**Input records:**
__________________________________________________
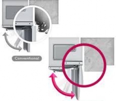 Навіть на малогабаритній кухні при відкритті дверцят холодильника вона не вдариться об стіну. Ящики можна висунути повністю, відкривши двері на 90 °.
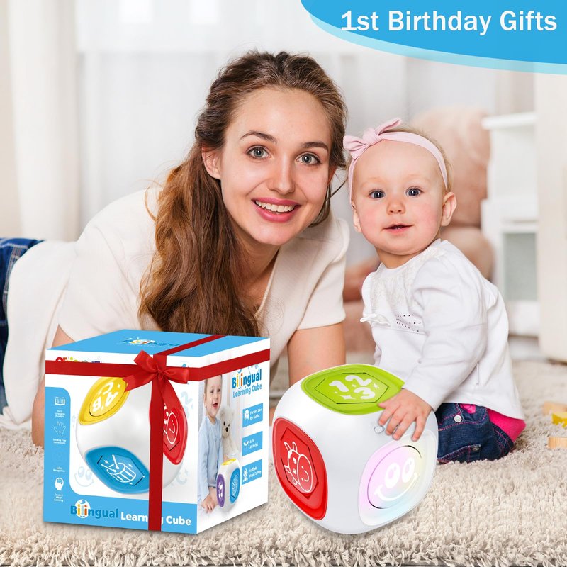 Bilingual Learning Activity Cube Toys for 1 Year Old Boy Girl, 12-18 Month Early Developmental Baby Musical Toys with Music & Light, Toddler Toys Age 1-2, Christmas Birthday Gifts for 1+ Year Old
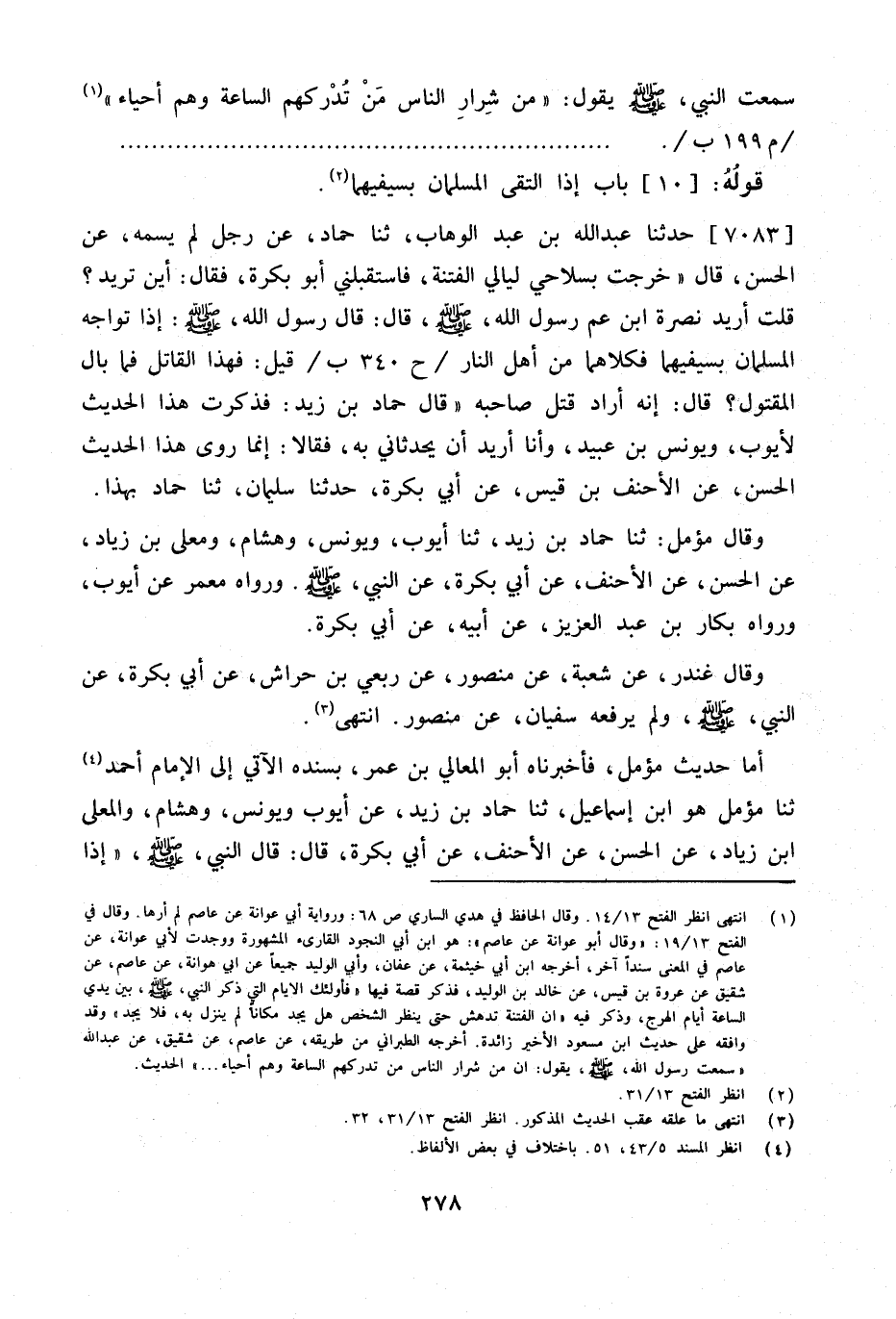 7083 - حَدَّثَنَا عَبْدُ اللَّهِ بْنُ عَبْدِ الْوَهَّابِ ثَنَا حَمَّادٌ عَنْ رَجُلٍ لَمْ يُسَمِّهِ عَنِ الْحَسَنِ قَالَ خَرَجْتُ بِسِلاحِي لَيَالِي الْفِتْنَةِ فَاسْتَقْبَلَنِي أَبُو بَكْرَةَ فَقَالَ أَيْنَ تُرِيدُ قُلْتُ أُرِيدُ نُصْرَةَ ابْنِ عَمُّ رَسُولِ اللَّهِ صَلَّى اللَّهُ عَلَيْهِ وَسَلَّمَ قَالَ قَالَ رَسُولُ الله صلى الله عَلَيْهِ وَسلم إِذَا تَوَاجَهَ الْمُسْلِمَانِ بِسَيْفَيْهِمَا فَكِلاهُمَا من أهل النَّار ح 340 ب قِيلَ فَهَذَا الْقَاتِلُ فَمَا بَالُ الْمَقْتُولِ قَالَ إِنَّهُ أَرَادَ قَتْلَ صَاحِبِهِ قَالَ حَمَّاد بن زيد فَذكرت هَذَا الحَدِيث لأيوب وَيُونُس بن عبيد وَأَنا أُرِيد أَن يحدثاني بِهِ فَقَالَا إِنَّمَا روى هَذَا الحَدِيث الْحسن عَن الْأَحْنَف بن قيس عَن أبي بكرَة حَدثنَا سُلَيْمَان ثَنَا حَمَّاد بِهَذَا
__________________________________________________
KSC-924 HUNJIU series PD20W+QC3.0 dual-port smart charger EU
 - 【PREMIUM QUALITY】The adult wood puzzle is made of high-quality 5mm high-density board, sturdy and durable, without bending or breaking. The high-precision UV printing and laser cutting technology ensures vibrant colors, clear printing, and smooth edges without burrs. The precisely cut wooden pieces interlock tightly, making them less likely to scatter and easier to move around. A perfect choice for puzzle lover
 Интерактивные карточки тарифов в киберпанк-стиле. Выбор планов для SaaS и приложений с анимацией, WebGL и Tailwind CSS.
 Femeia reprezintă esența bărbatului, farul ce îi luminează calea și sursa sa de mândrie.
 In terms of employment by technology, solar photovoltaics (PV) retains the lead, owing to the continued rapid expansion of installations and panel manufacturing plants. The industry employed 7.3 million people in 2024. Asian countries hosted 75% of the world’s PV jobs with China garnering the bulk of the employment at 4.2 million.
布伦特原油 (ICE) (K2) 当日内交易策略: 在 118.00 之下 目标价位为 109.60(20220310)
__________________________________________________
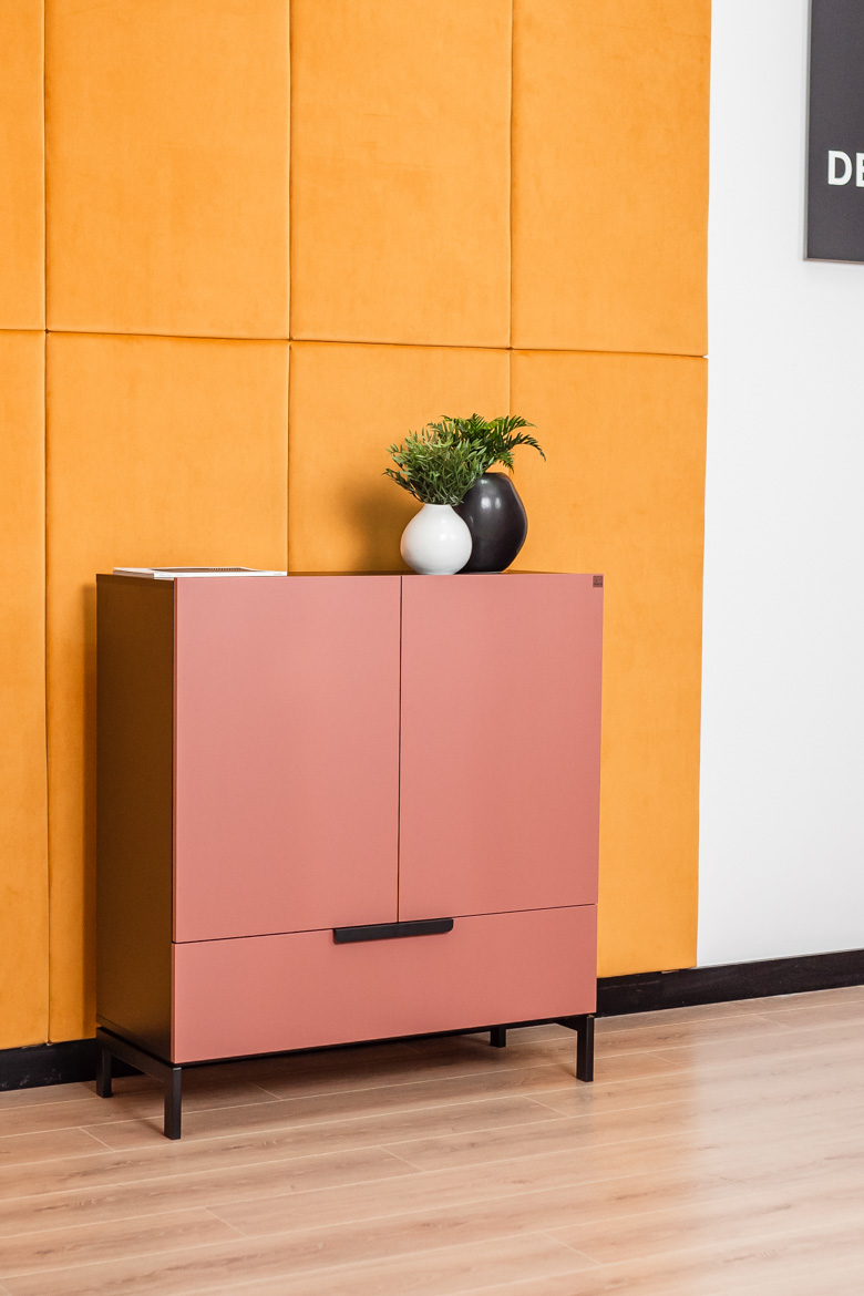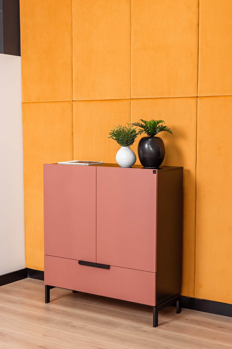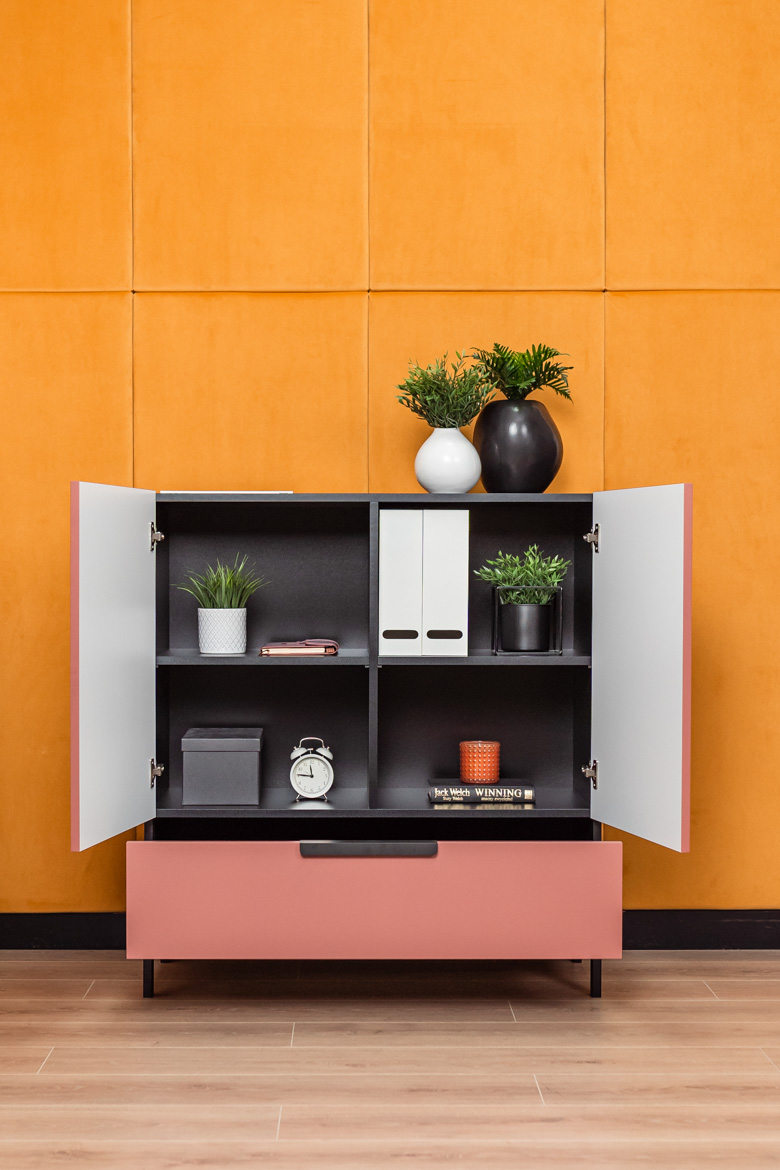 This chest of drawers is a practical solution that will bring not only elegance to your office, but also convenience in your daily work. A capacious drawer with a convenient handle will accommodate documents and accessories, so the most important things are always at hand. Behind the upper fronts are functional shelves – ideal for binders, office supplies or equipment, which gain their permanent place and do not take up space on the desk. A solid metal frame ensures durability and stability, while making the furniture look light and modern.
__________________________________________________
**Task statement:**
Retype exactly the span of lines from the one with "Femeia reprezintă esența" through the one with "布伦特原油 (ICE) (K2)"; include both ends and omit the rest of the material.

**Written solution:**
 Femeia reprezintă esența bărbatului, farul ce îi luminează calea și sursa sa de mândrie.
 In terms of employment by technology, solar photovoltaics (PV) retains the lead, owing to the continued rapid expansion of installations and panel manufacturing plants. The industry employed 7.3 million people in 2024. Asian countries hosted 75% of the world’s PV jobs with China garnering the bulk of the employment at 4.2 million.
布伦特原油 (ICE) (K2) 当日内交易策略: 在 118.00 之下 目标价位为 109.60(20220310)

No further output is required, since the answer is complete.